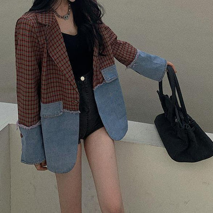 Our Plaid Blazer fabric featuring a classic lapel with Denim Patchwork is for sure a show stopper. Plaid Blazer are all year round clock best sellers. From a day occasion to a get-together, denim patchwork just adds a perfect touch to the aesthetics of the overall look.
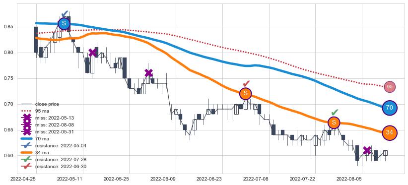 下跌趋势2022-04-25-2022-08-12,均线34, 70确认关键阻力3处
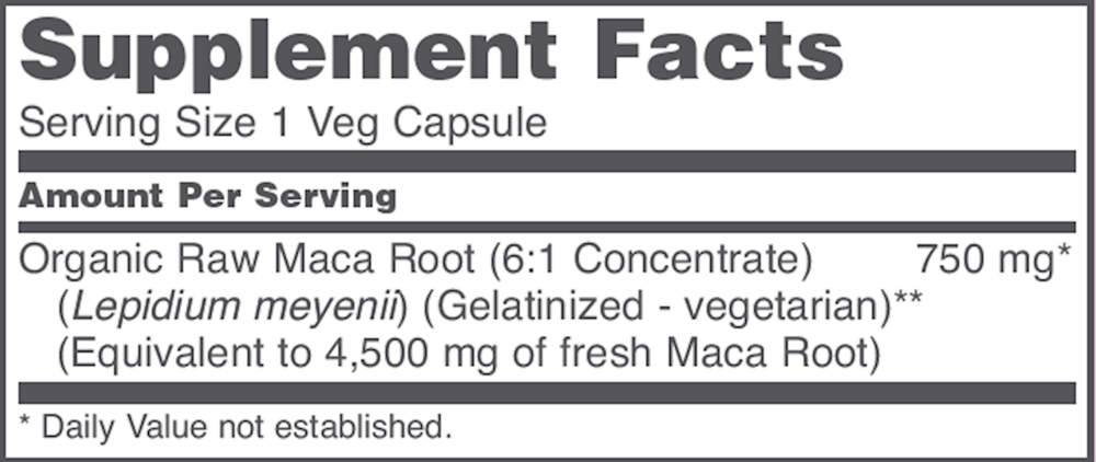 The herb maca (Lepidium meyenii) is native to the Andes region of Peru, where it has a long history of use both as a food and a general energy tonic.* Modern scientific studies indicate that natural constituents in maca may help to support healthy sexual activity in males, without exerting any direct effect on endocrine function.* Protocol for Life Balance® Raw Maca is gelatinized to remove starch for a more concentrated product.
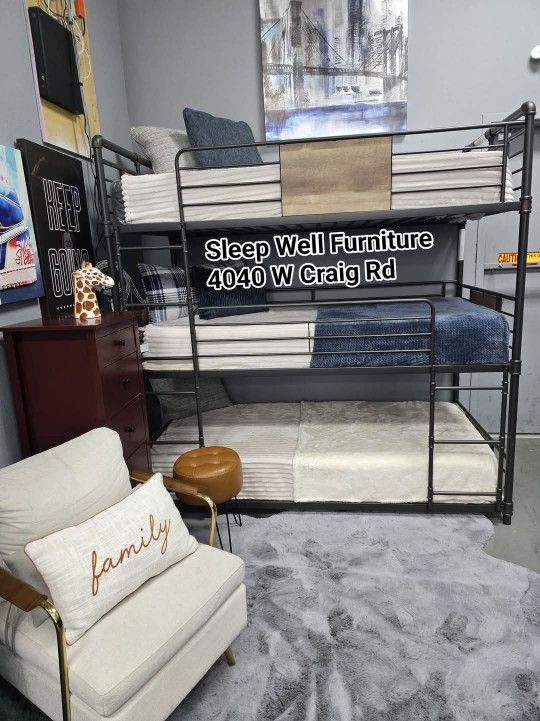 ✨️ Twin Triple Bunk Bed With Mattresses, Furniture Queen Beds, Dining Avail

§ Task requirements
Could you copy the lines above exactly and skip the images?

§ Task output
 Our Plaid Blazer fabric featuring a classic lapel with Denim Patchwork is for sure a show stopper. Plaid Blazer are all year round clock best sellers. From a day occasion to a get-together, denim patchwork just adds a perfect touch to the aesthetics of the overall look.
 下跌趋势2022-04-25-2022-08-12,均线34, 70确认关键阻力3处
 The herb maca (Lepidium meyenii) is native to the Andes region of Peru, where it has a long history of use both as a food and a general energy tonic.* Modern scientific studies indicate that natural constituents in maca may help to support healthy sexual activity in males, without exerting any direct effect on endocrine function.* Protocol for Life Balance® Raw Maca is gelatinized to remove starch for a more concentrated product.
 ✨️ Twin Triple Bunk Bed With Mattresses, Furniture Queen Beds, Dining Avail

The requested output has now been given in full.